A finger swipe on a mobile device, for example, has multiple dimensions: speed, angle, pressure, and changes in the device’s orientation. Bots can’t generate this type of sensory data, and if they do, it’s noticeable. Other key tells include a cursor that moves too quickly, rapid switching between keyboard and mouse inputs, or text that entered too fast. These types of behaviours are inconsistent, and vary across devices and programs, requiring a flexible solution that can identify and accommodate these disparities.
But what if this data could also be used to detect fraud?
The ability to correctly identify the intention behind every activity is key to protecting our privacy and security.
Behavioural data and machine learning enable the deployment of adaptable solutions that can be trained to identify non-human behaviour and distinguish between thieves and legitimate users. Since it doesn’t rely on predefined rulesets or signatures, it can identify and learn behaviours of new bots as they evolve.
Evolving detection
The way fraud is detected has changed over the years. In the early days of the internet, transaction data such as credit card numbers, mailing addresses or shipping addresses were checked to establish identity, but it is static and easy to collect through activities such as social engineering, or page scraping.
Later, particularly with the rise of mobile commerce, the emphasis shifted to devise data.
In both cases, though the fraud mitigation didn’t kick in until the transaction level.
“When you have your user on your site for a few minutes, you can see what they are doing, you can analyse their behaviour.”
According to Rambaud, “Fraudsters behave very differently to users. A legitimate user for instance is right almost all the time when they put data in, such as a login or password. You can almost assume a 100 per cent success rate. If you are trying to move money or buy something you are going to get it right nine times out of ten. For the fraudster, it’s the opposite. Bots operate with more than a 99 percent chance of failure.”
However, by studying behaviour on the site prior to the transaction, fraudulent behaviour can be identified before the shopping cart – in the case of a merchant for instance – is reached.
“The way Ping works is that it provides the ability to catch fraudsters much sooner in the process. The more time and freedom fraudsters have on your website the more damage they can do,” said Rambaud.

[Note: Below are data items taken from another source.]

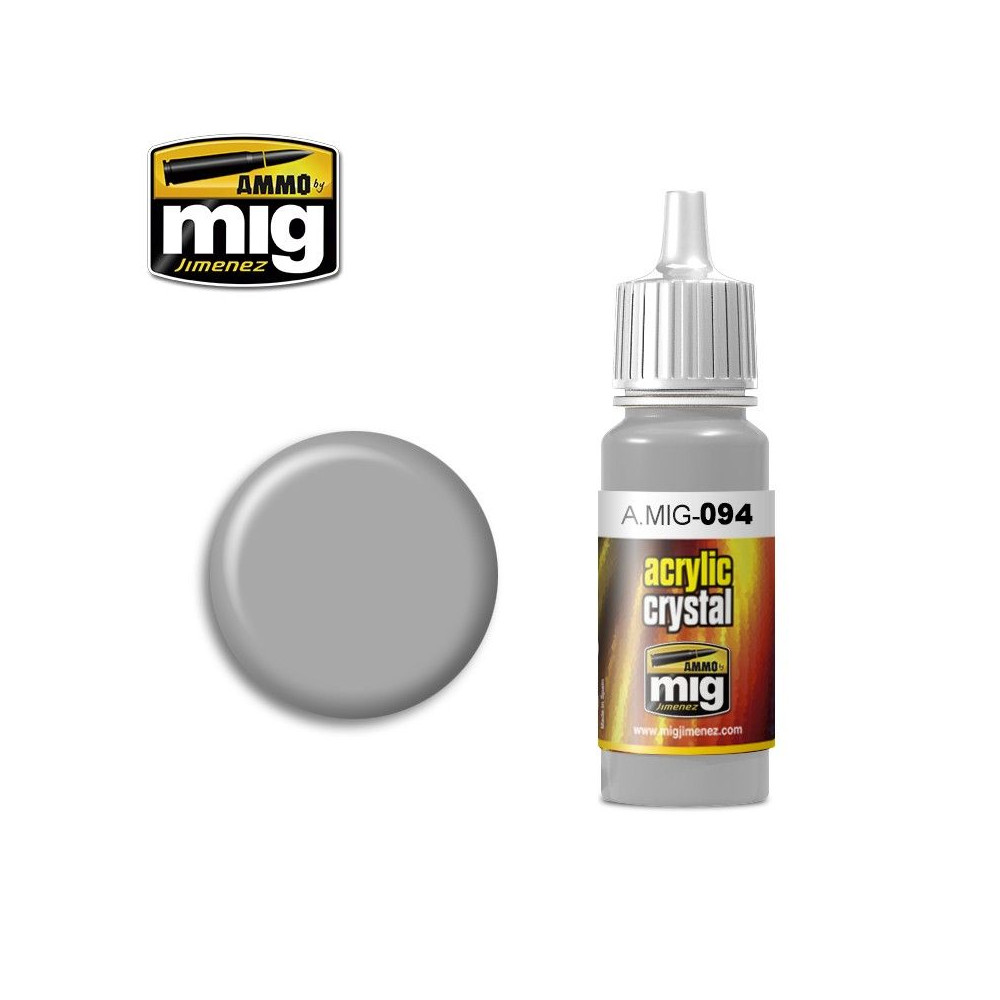Špeciálna akrylová farba, ktorá sa používa na jednoduché dosiahnutie povrchovej úpravy skleneného povrchu. Akrylová - autentická farba s optimalizovaným zložením pre maximálny výkon buď štetcom, alebo airbrushom. 17 ml nádobka. Rozpustná vo vode, bez zápachu a netoxická. Pred každým použitím dobre pretrepte. Každá nádobka obsahuje miešadlo z nehrdzavejúcej ocele na uľahčenie miešania. Na správne riedenie odporúčame použiť akrylové riedidlo A.MIG-2000. Úplne zaschne do 24 hodín.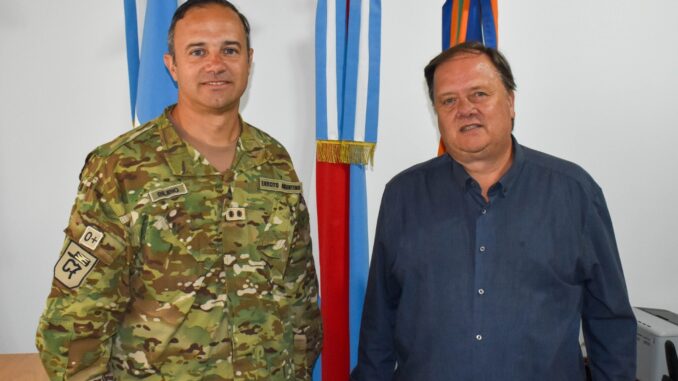 El Intendente Marcelo Borghesan recibió el viernes, en su despacho, al teniente coronel Martín Bilibio, Jefe del Regimiento de Caballería de Tanques 7 “Coraceros Coronel Ramón Estomba”, quien asumió dicha función en diciembre del año pasado. Durante el encuentro, las autoridades dialogaron sobre diversos temas institucionales vinculados a las acciones de cooperación mutua que se desarrollan entre la unidad militar y el Municipio.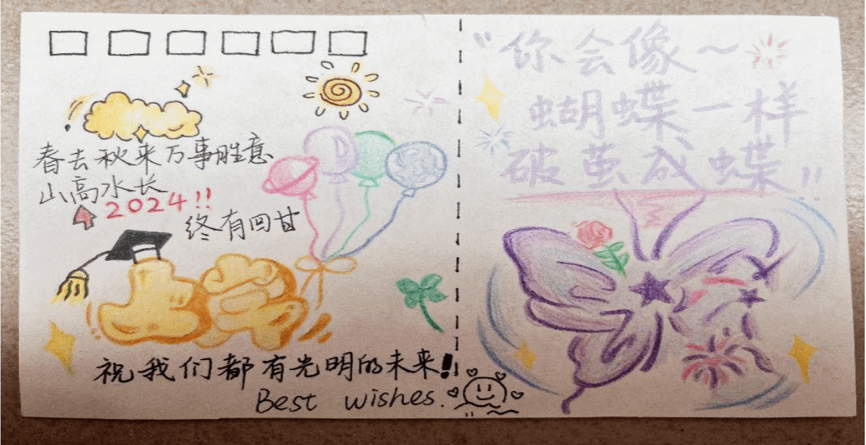 本次活动,不仅为考研同学筑牢了心理防线,使其在逐梦途中更加自信从容,亦增进了同学间的情谊,营造了良好的校园文化氛围。明信片上的祝福,如同点点繁星,照亮了考研人的漫漫征途,预祝考研的同学们以笔为剑,书就华章,向着梦想奋勇迈进。

“If your methodology is only to catch them at the point of the transaction when they are monetising their fraud, you have missed out on a lot of opportunities to stop them.
“Ping has multiple touchpoints with users throughout the journey and by injecting the Ping line fraud signal very early in the session, you can stop the person logging in, ask for a password reset or trigger multifactor authentication.”
By creating this additional friction, you can have a higher level of confidence in the identity of the user by the time they arrive at the checkout, Rambaud said.